As the retailer reported a jump in profits, it said it was shifting the majority of call centre jobs overseas “in response to ongoing inflationary cost pressures, and particularly rising employment costs”. It expects to save about £4m a year as a result of the change.
AO said on Wednesday that pre-tax profits had jumped 145% to £50.5m in the year to 31 March, and it was handing £20m in special payments to shareholders.
About 150 roles in phone sales and enquiries have already been switched from AO’s call centre in Bolton to South Africa over the last 12 to 18 months. A further 50 are expected to go, with roles switching as people in the UK choose to leave rather than through redundancies.
More than 100 further roles, handling more complex customer queries, will remain in the UK. AO said its overall employee numbers fell by 340 to 2,800 in the year as it made efficiencies across the business.
The company, founded by the entrepreneur John Roberts after a £1 bet in a Bolton pub in 2000, grew rapidly by selling household appliances online.
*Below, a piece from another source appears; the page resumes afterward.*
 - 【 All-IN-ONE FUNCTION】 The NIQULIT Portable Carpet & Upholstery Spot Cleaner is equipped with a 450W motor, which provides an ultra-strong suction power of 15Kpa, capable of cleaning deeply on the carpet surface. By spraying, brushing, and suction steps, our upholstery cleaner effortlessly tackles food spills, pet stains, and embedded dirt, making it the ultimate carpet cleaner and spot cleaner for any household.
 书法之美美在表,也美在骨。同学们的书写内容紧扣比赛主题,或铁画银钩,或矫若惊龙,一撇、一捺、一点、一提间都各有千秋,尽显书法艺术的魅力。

However, it suffered after problems with international expansion and a post-pandemic slump in trade. Last year, it bought the resale specialist MusicMagpie and it recently launched a dedicated mobile phone selling site.
Roberts, chief executive of AO, said the group now had “the strongest balance sheet in our history. And all delivered against a backdrop of rising costs”.
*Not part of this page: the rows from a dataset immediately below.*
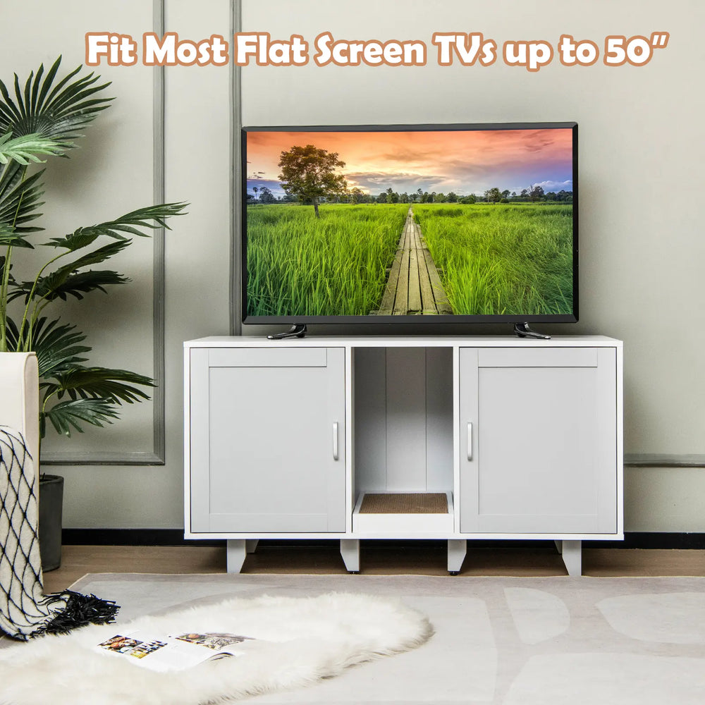 Provide a Comfortable Toileting Experience for Your Lovely Kitten! With the wide tabletop, the cat furniture can also be used as a TV stand that can hold TV screens up to 50". With 2 individual compartments, this hidden cat washroom is great for safeguarding your cats' privacy, allowing them to unleash their natural instincts. Cats can also enjoy scratching fun with the medium scratching board, effectively preventing them from scratching everywhere. In addition, it is equipped with 4 metal legs guaranteeing great stability and durability, and the metal legs can be detached for stacked storage. With its elegant and vintage appearance, the cat litter box furniture can be a perfect decoration and brighten your room. Bullet Point: 3-in-1 Multifunctional Cat Furniture: The multifunctional cat furniture cabinet can not only be used as a cat litter box enclosure or cat house to hide cat litter boxes or beds, but also as a TV stand, coffee table, or end table. And with its modern and chic appearance, the cat litter cabinet could perfectly blend into any home style. Provide Privacy: The hidden cat washroom can be a perfect spot for kittens to enjoy private potty time and allow them to find a sense of security and belongings in the enclosed environment. More than that, it can also be a good solution to prevent litter from being scattered everywhere and reduce unpleasant smells. Winding Entry & Scratching Board: The wooden cat furniture is designed with 2 compartments and winding entries, which can add fun for cats who love exploring while preventing the litter from being carried off the cabinet. Besides, there exists a removable scratching board for cats to grind their paws. Stable Structure & Stackable Design: The cat litter box enclosure adopts thick boards and 6 supporting legs, ensuring great stability and a large loading capacity (the tabletop loads up to 20kg and the interior 40kg). And there exist adjustable footpads for keeping stable even on uneven floors. Moreover, the supporting legs can be easily removed, so the cat furniture can be stacked to meet different needs. Ample Storage Space: The wooden cat litter cabinet is designed with 2 compartments that allow 2 cats to use the cat washroom simultaneously, and each compartment measures 41 x 50.5 x 51 cm( L x W x H). Notice: Please measure the size of your cat litter box before purchase. In addition, the wide tabletop measure 120 x 52 cm(L x W), which can fit most flat TV screens up to 50". Features: Can be used as a cat litter box enclosure, side table, TV stand, coffee table, etc The spacious tabletop can be used for putting TVs, decors, cat supplies, etc Provide privacy and save you from the trouble of scattered litter and offending smells The winding entry allows cats to move from one divider to another divider The scratching board protects furniture from scratches, easily removed for cleaning Thick boards and supporting legs ensure excellent sturdiness and stability 6 wooden legs can be detached, the cabinets can be stacked for space-saving storage The adjustable footpads enhance stability while preventing slipping 3 ventilated holes promote air circulation and keep the interior clean and fresh The veneered boards are smooth, scratch-resistant, and waterproof for easy cleaning Specification: Color: Gray Material: PB, MDF Overall Dimensions: 120 x 52 x 65 cm (L x W x H) Size of the Compartment: 41 x 50.5 x 51 cm (L x W x H) Weight Capacity of the Tabletop: 20 kg Weight Capacity of the Interior Board: 40 kg Net Weight: 27 kg Package Includes: 1 x Cat Litter Box Enclosure 1 x User's Manual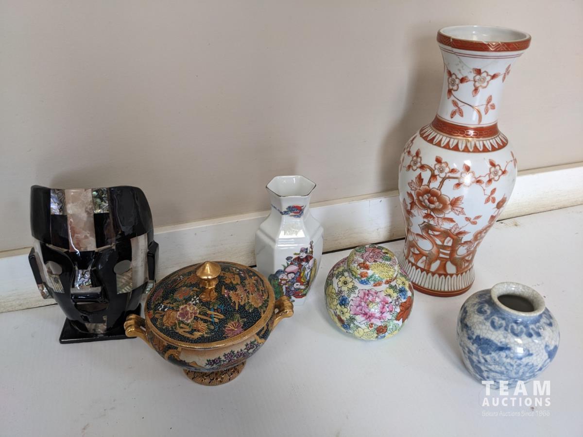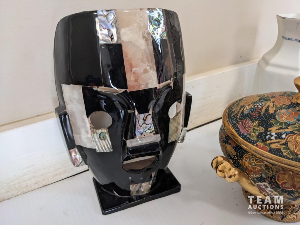 2203 Collection of Vintage Chinese Vases and Death Mask
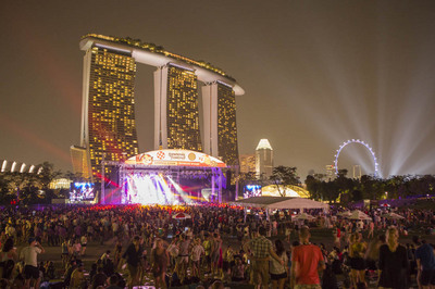 写真のように、マーライオンとマリーナ・ベイ・サンズを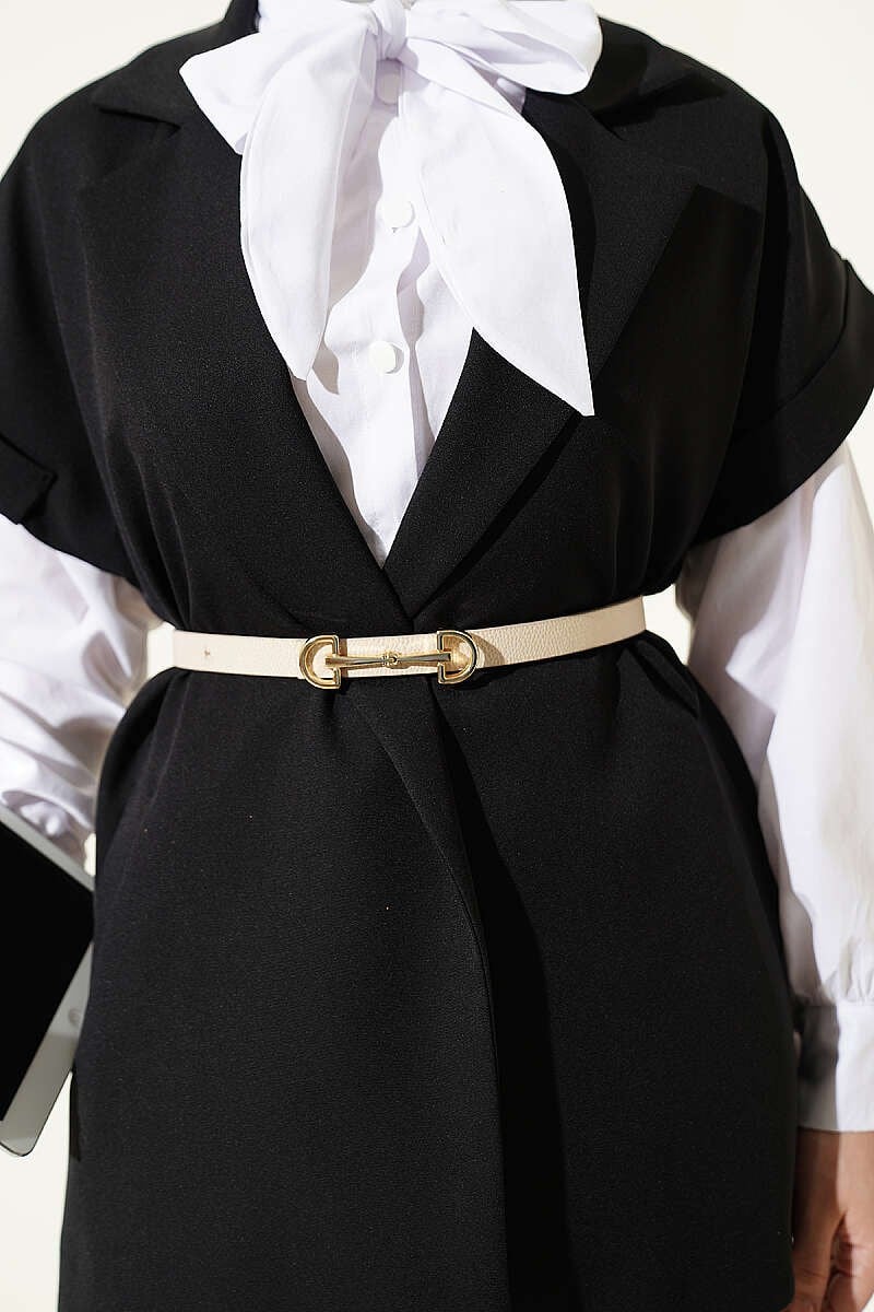 This vest, showcasing a modern look with its classic blazer collar, offers the opportunity to elegantly accentuate your silhouette thanks to the belt detail at the waist. With its dropped shoulder cut and comfortable fit, it combines masculine lines with a feminine touch, becoming the most stylish complement to layered outfits. With its functional side pockets and high-quality fabric texture, it promises comfortable use in both office elegance and everyday style. This design, which pairs perfectly with shirts and blouses, is an ideal outerwear alternative that will add a sophisticated touch to your wardrobe. Model Information: Height: 167 cm, Chest: 87 cm, Waist: 67 cm, Hips: 91 cm. The product on the model is size 36.

AO said sales rose 11.4% to nearly £1.3bn in the year and had continued well with a 17% surge in TV sales in May as households prepared to watch the men’s football World Cup for which both England and Scotland have qualified.
In its annual financial update published on Wednesday, AO also said it had carried out “a small-scale, exploratory trial during the year to test the use of robotics within our warehousing operations”. It said early results “are encouraging” and it was now beginning to do further tests in its live operations.
AO said it was examining the use of more automation amid “inflationary pressures arising from changes to national insurance and the national minimum wage in April 2025 had a material impact on operating costs of about £8.5m across the group year on year”.
The discloses by AO come amid rising concern about youth employment as technology including robotics and AI replaces some entry-level jobs.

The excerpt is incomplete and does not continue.